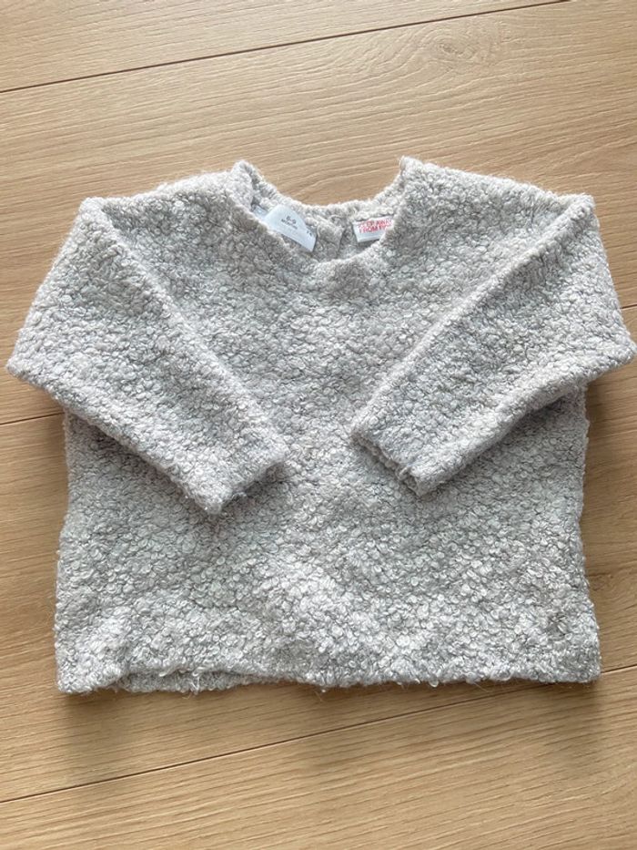 Joli pull bouclé gris beige Zara 74cm - photo numéro 1
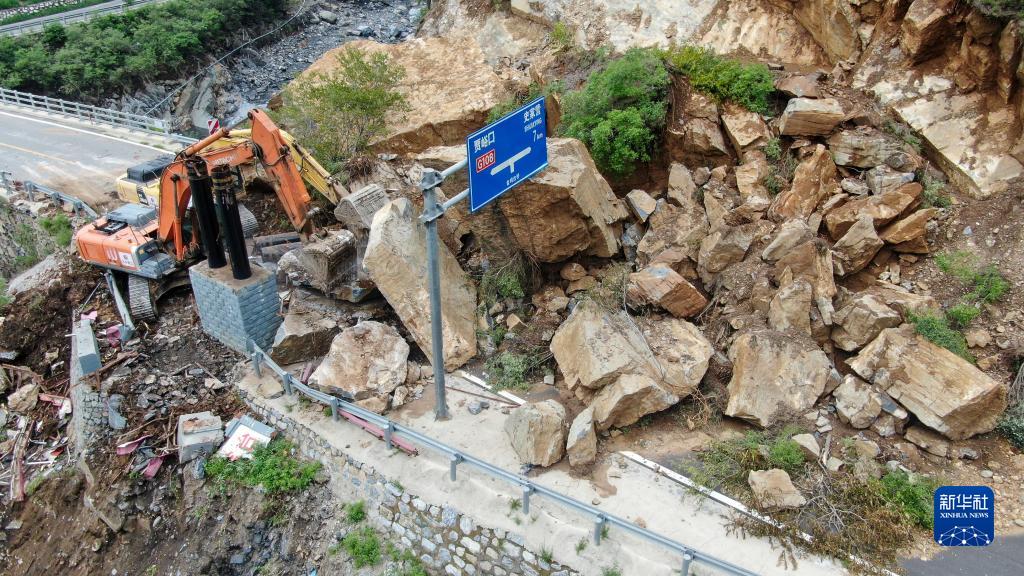 8月6日,在北京市房山區史家營(yíng)鄉金雞臺村附近,北京建工機施集團的大型機械設備在清理阻斷道路的落石(無(wú)人機照片)。
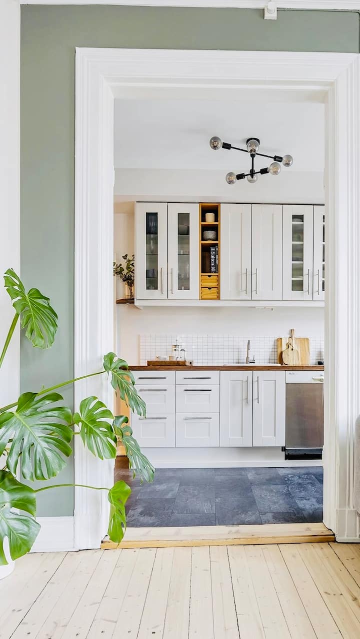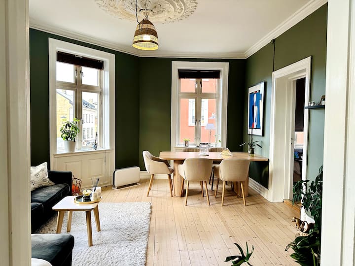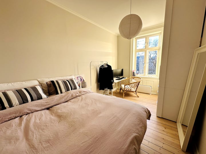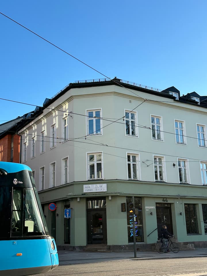 Hermoso departamento en esquina con pisos de madera y techos altos en el vibrante Olaf Ryes Plass.
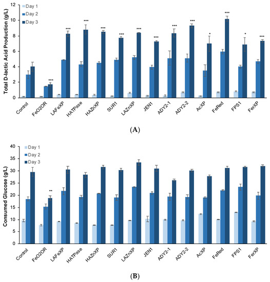 Figure 7. Overexpression of several DE genes improved the production of d-lactic acid. d-lactic acid production (A) and glucose consumption (B) of engineered P. pastoris strains overexpressing selected DE genes identified. Results are the mean of three biological replicates (n = 3). Error bars represent the standard deviation. * p < 0.05, ** p < 0.01, *** p < 0.001, two-tail, unpaired, heteroscedastic Student’s t-test. Statistical significance is shown for Day 3 results relative to control.
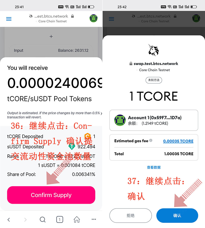 36:繼續(xù)點(diǎn)擊:Confirm Supply 確認(rèn)提交流動(dòng)性資金池?cái)?shù)量、37:繼續(xù)點(diǎn)擊:確認(rèn)
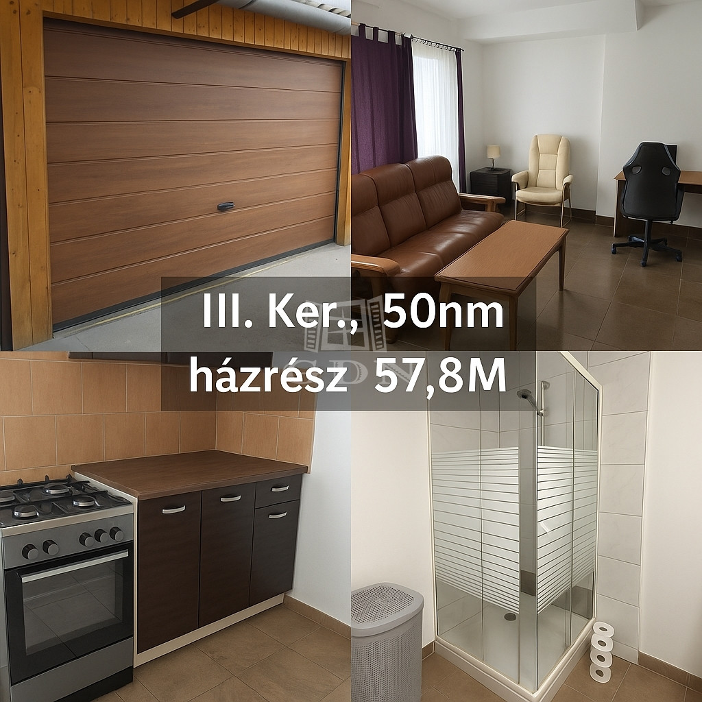 III. kerület – Békásmegyer-Ófalu • 52 m² + 23 m² garázs • előkertes • 1 háló + külön nappali • kertkapcsolatos tégla lakás • saját garázs

> **Exercise brief**
Give every record again exactly, apart from the pictures, which stay out.

> **Response below**
 Joli pull bouclé gris beige Zara 74cm - photo numéro 1
 8月6日,在北京市房山區史家營(yíng)鄉金雞臺村附近,北京建工機施集團的大型機械設備在清理阻斷道路的落石(無(wú)人機照片)。
 Hermoso departamento en esquina con pisos de madera y techos altos en el vibrante Olaf Ryes Plass.
 Figure 7. Overexpression of several DE genes improved the production of d-lactic acid. d-lactic acid production (A) and glucose consumption (B) of engineered P. pastoris strains overexpressing selected DE genes identified. Results are the mean of three biological replicates (n = 3). Error bars represent the standard deviation. * p < 0.05, ** p < 0.01, *** p < 0.001, two-tail, unpaired, heteroscedastic Student’s t-test. Statistical significance is shown for Day 3 results relative to control.
 36:繼續(xù)點(diǎn)擊:Confirm Supply 確認(rèn)提交流動(dòng)性資金池?cái)?shù)量、37:繼續(xù)點(diǎn)擊:確認(rèn)
 III. kerület – Békásmegyer-Ófalu • 52 m² + 23 m² garázs • előkertes • 1 háló + külön nappali • kertkapcsolatos tégla lakás • saját garázs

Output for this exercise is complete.